[Task data — start]

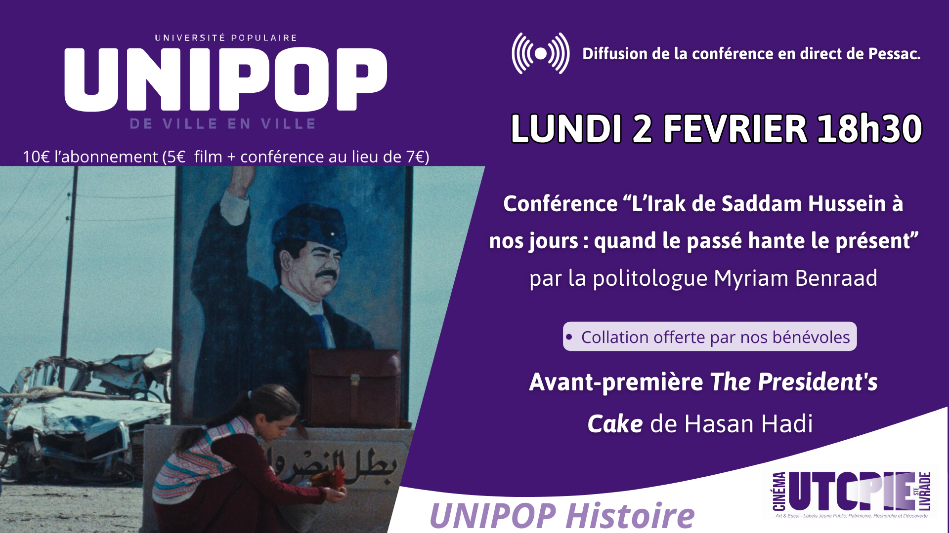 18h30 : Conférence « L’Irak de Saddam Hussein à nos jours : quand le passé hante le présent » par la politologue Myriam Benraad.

[Task data — finish]
[Task data — start]

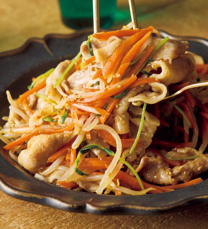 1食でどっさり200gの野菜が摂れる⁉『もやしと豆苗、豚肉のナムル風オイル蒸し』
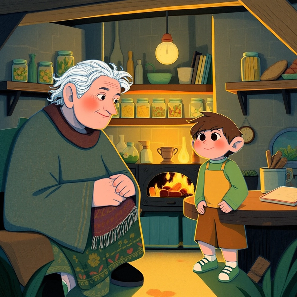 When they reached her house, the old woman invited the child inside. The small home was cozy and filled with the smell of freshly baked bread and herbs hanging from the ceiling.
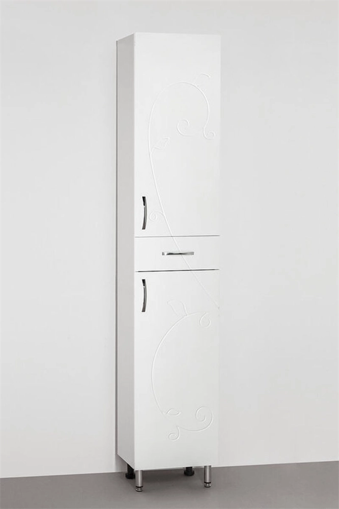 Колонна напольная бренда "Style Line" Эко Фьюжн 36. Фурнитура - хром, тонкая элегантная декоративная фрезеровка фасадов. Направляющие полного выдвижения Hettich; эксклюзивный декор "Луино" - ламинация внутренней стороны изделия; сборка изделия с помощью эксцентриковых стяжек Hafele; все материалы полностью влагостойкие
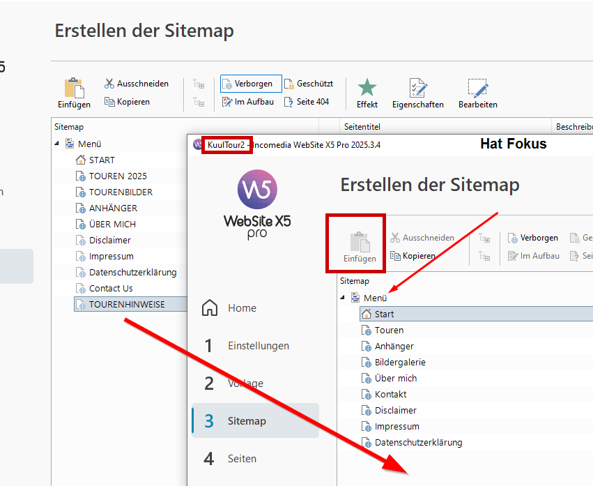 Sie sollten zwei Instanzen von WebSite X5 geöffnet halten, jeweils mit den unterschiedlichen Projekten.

[Task data — finish]
[Task data — start]

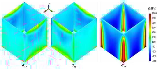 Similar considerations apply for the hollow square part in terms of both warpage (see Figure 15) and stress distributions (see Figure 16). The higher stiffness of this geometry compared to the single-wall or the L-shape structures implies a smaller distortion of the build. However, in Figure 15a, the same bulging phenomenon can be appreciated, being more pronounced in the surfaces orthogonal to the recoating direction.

[Task data — finish]

## [Problem]
Nothing but the lines above from the line with "1食でどっさり200gの野菜" up to and including the line with "Sie sollten zwei" should be returned, exactly as written and without pictures.

## [Response]
 1食でどっさり200gの野菜が摂れる⁉『もやしと豆苗、豚肉のナムル風オイル蒸し』
 When they reached her house, the old woman invited the child inside. The small home was cozy and filled with the smell of freshly baked bread and herbs hanging from the ceiling.
 Колонна напольная бренда "Style Line" Эко Фьюжн 36. Фурнитура - хром, тонкая элегантная декоративная фрезеровка фасадов. Направляющие полного выдвижения Hettich; эксклюзивный декор "Луино" - ламинация внутренней стороны изделия; сборка изделия с помощью эксцентриковых стяжек Hafele; все материалы полностью влагостойкие
 Sie sollten zwei Instanzen von WebSite X5 geöffnet halten, jeweils mit den unterschiedlichen Projekten.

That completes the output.